Reputation: 113
What expression should I use to find all td
nodes after the one, which contains text Foo
or Bar
and stop before the next <td colspan="4">
with unknown text. Thanks.
<td colspan="4">Foo || Bar</td>
<td rowspan="4">TEXT1</td>
<td valign="top">TEXT2</td>
<td valign="top">TEXT3</td>
...
<td colspan="4">VARIABLE</td>
...
UPDATE:
use strict;
use warnings;
use autodie;
use utf8;
use WWW::Mechanize;
use HTML::TreeBuilder::XPath;
my $url = 'www.perl.org';
my $mech = WWW::Mechanize->new;
$mech->agent_alias( 'Windows Mozilla' );
$mech->get( $url );
my $tree= HTML::TreeBuilder::XPath->new;
$tree->parse($mech->content);
for my $nodes ($tree->findnodes('//td[
preceding-sibling::td
[contains(., "Foo") or contains(., "Bar")]
and following-sibling::td[@colspan="4"]
]')) {
print $nodes->as_text;
}
Upvotes: 2
Views: 1752
Reputation: 56212
You can use this XPath:
//td[
preceding-sibling::td
[contains(., 'Foo') or contains(., 'Bar')]
and following-sibling::td[@colspan = 4]
]
It will return:
<td rowspan="4">TEXT1</td>
<td valign="top">TEXT2</td>
<td valign="top">TEXT3</td>
Upvotes: 1
Reputation: 167716
Well with XPath 2.0 and XQuery 1.0 there are the operators <<
and >>
that are helpful to express conditions like you have e.g. with XQuery you can nicely write
let $tr := <tr>
<td colspan="4">Foo || Bar</td>
<td rowspan="4">TEXT1</td>
<td valign="top">TEXT2</td>
<td valign="top">TEXT3</td>
.....
<td colspan="4">VARIABLE</td>
</tr>
let $td1 := $tr/td[contains(., 'Foo') or contains(., 'Bar')][1]
let $td2 := $td1/following-sibling::td[@colspan = 4][1]

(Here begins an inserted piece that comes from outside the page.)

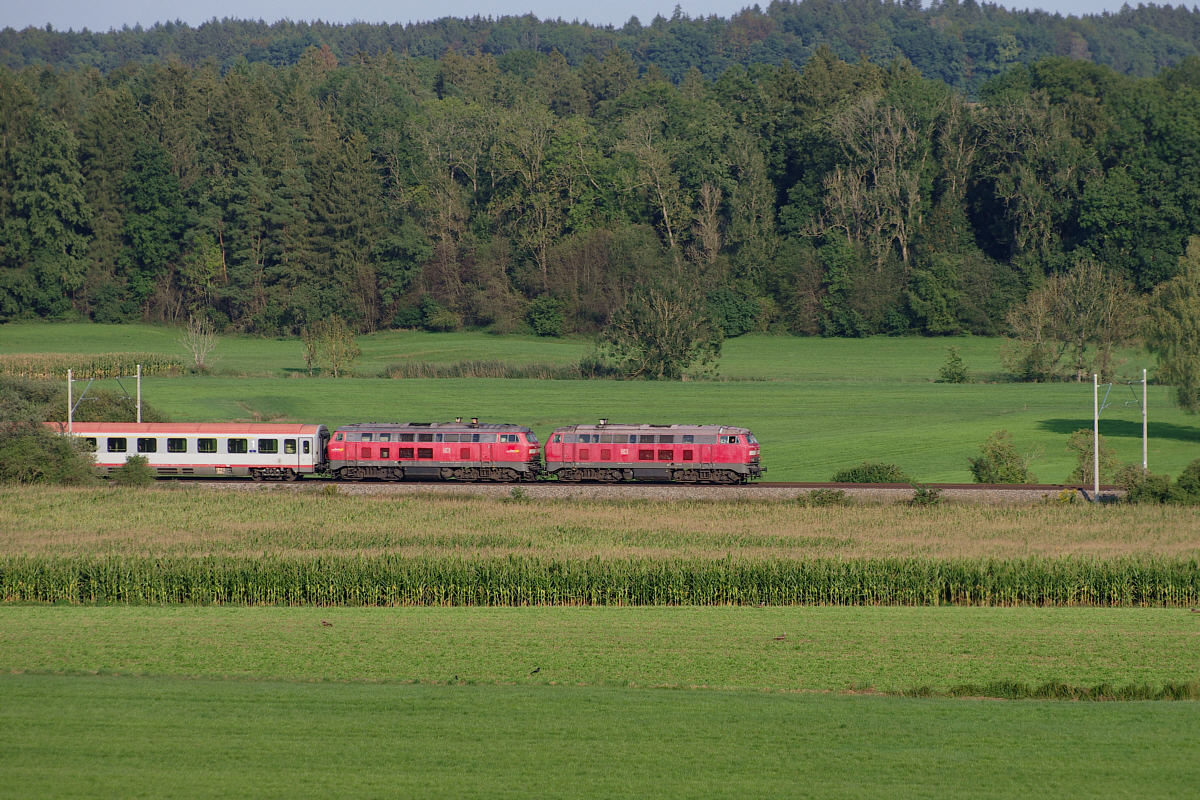 Hier sind 218-448 und 218-462 der Press am IC119 bei Gensenweiler (zwischen Biberach und Aulendorf).

return $tr/td[. >> $td1 and . << $td2]
to find the 'td
elements "between" those two other td
elements.
Obviously with XPath 2.0 you don't have the let and return so you will need to try to stick everything into a single expression:
$tr/td[. >> $tr/td[contains(., 'Foo') or contains(., 'Bar')][1] and . << $tr/td[contains(., 'Foo') or contains(., 'Bar')][1]/following-sibling::td[@colspan = 4][1]]
where $tr
is the context node.
Upvotes: 0